Exercise directions: In the entries that follow, the lines from the line containing "Oxbow Animal Health" up to and including the line containing "在無油無水的乾淨容器中,蛋白" must be copied exactly, with pictures omitted.

Given information:
--- START ---

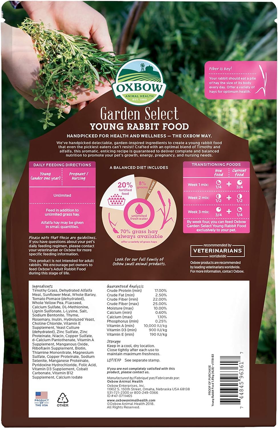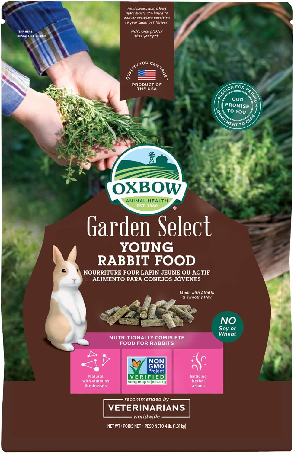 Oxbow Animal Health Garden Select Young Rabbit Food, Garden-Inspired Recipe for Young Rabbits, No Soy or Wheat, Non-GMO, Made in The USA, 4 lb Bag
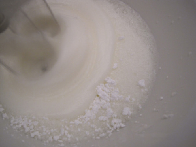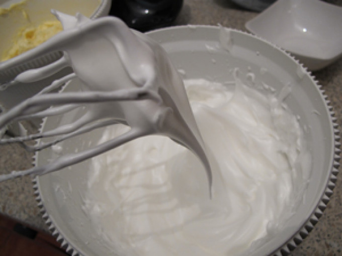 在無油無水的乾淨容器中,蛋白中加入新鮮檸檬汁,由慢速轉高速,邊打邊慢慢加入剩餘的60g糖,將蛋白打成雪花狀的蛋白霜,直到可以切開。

--- END ---
--- START ---

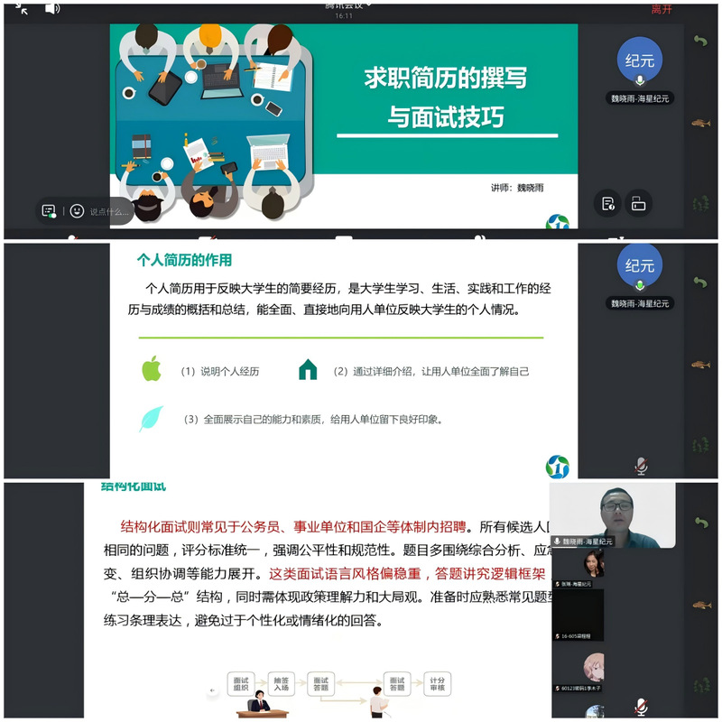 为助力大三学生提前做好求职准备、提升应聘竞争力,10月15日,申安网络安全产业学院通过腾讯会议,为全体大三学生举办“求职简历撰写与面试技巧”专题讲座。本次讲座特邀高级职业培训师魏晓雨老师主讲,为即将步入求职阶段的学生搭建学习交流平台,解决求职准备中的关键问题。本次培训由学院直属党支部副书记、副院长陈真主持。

--- END ---

Written reply:
 Oxbow Animal Health Garden Select Young Rabbit Food, Garden-Inspired Recipe for Young Rabbits, No Soy or Wheat, Non-GMO, Made in The USA, 4 lb Bag
 在無油無水的乾淨容器中,蛋白中加入新鮮檸檬汁,由慢速轉高速,邊打邊慢慢加入剩餘的60g糖,將蛋白打成雪花狀的蛋白霜,直到可以切開。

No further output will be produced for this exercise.